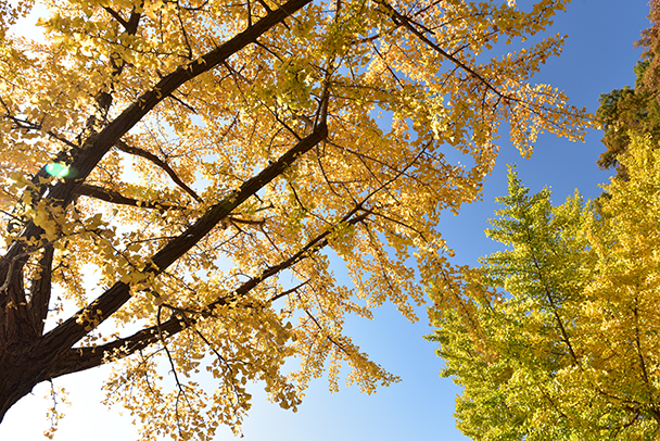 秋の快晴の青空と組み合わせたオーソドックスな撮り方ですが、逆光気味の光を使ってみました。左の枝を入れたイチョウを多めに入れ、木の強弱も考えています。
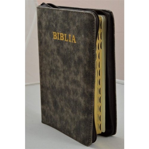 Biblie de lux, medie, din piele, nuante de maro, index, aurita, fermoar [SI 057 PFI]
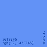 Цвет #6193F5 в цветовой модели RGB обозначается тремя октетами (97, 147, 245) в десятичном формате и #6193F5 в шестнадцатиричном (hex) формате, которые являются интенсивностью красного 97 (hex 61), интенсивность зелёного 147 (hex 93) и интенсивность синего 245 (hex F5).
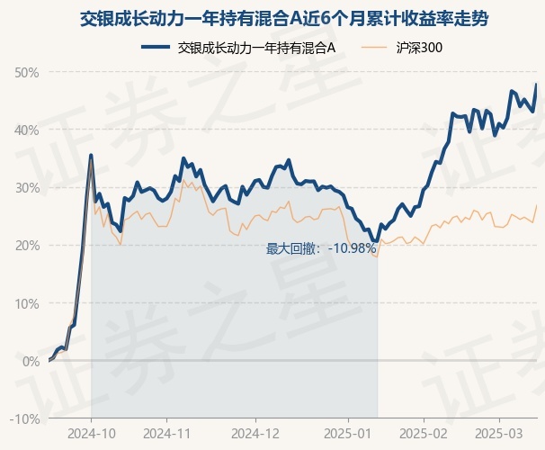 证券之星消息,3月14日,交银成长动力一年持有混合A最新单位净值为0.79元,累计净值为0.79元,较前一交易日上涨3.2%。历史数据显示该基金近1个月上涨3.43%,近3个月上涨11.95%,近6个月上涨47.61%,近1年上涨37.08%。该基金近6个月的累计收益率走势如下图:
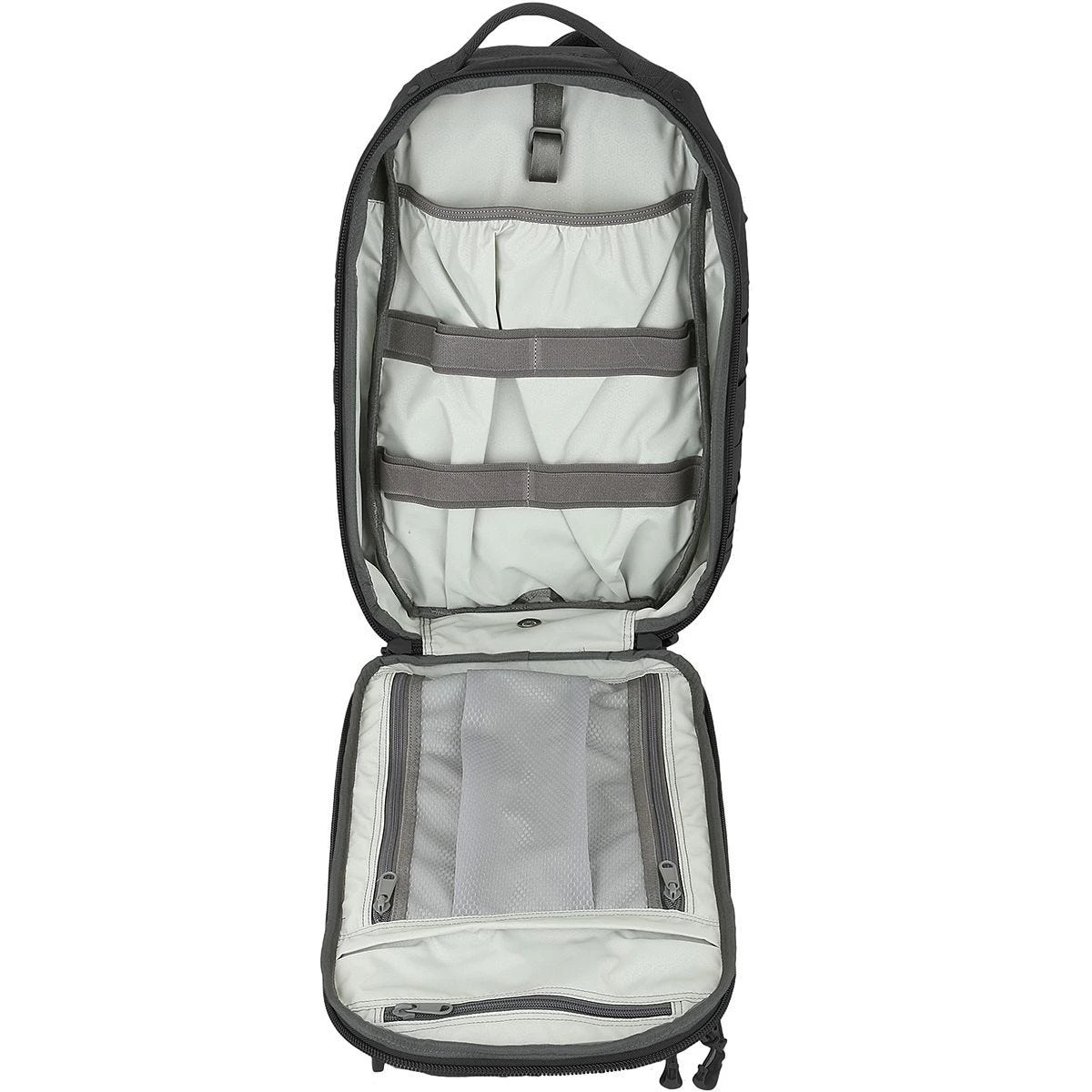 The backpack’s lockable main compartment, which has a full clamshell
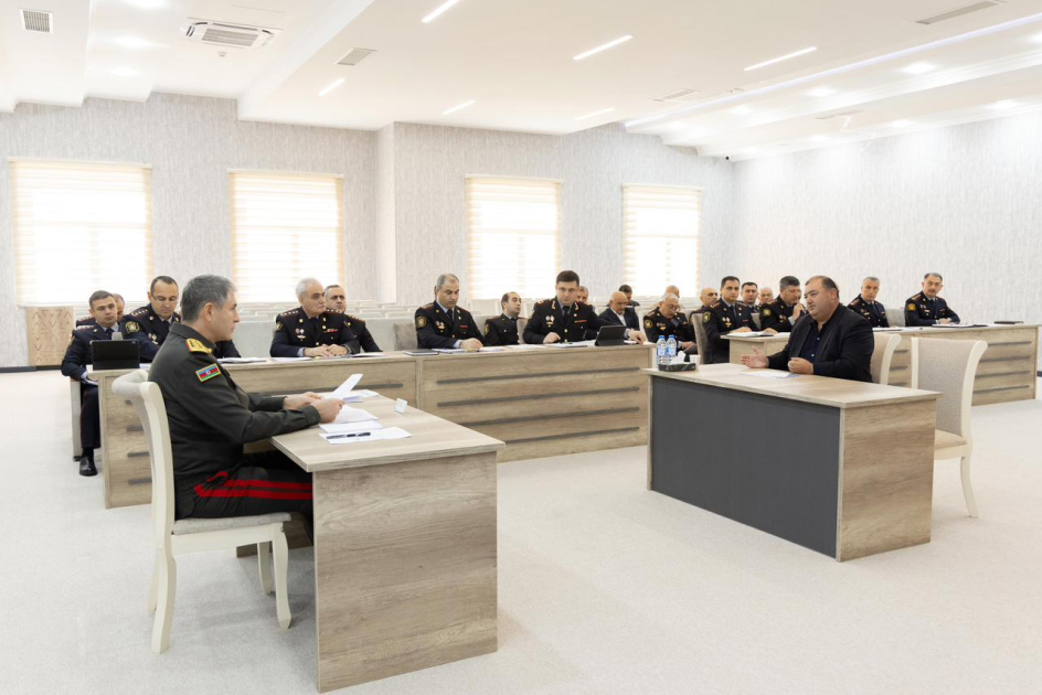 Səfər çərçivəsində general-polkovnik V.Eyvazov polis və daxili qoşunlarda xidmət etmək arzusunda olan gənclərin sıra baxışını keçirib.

════════════════════

**About this task:**
Within the material above, only the stretch from the line holding "证券之星消息,3月14日,交" through the line holding "The backpack’s lockable" is to be restated exactly. Pictures are dropped.

**Output for this task:**
 证券之星消息,3月14日,交银成长动力一年持有混合A最新单位净值为0.79元,累计净值为0.79元,较前一交易日上涨3.2%。历史数据显示该基金近1个月上涨3.43%,近3个月上涨11.95%,近6个月上涨47.61%,近1年上涨37.08%。该基金近6个月的累计收益率走势如下图:
 The backpack’s lockable main compartment, which has a full clamshell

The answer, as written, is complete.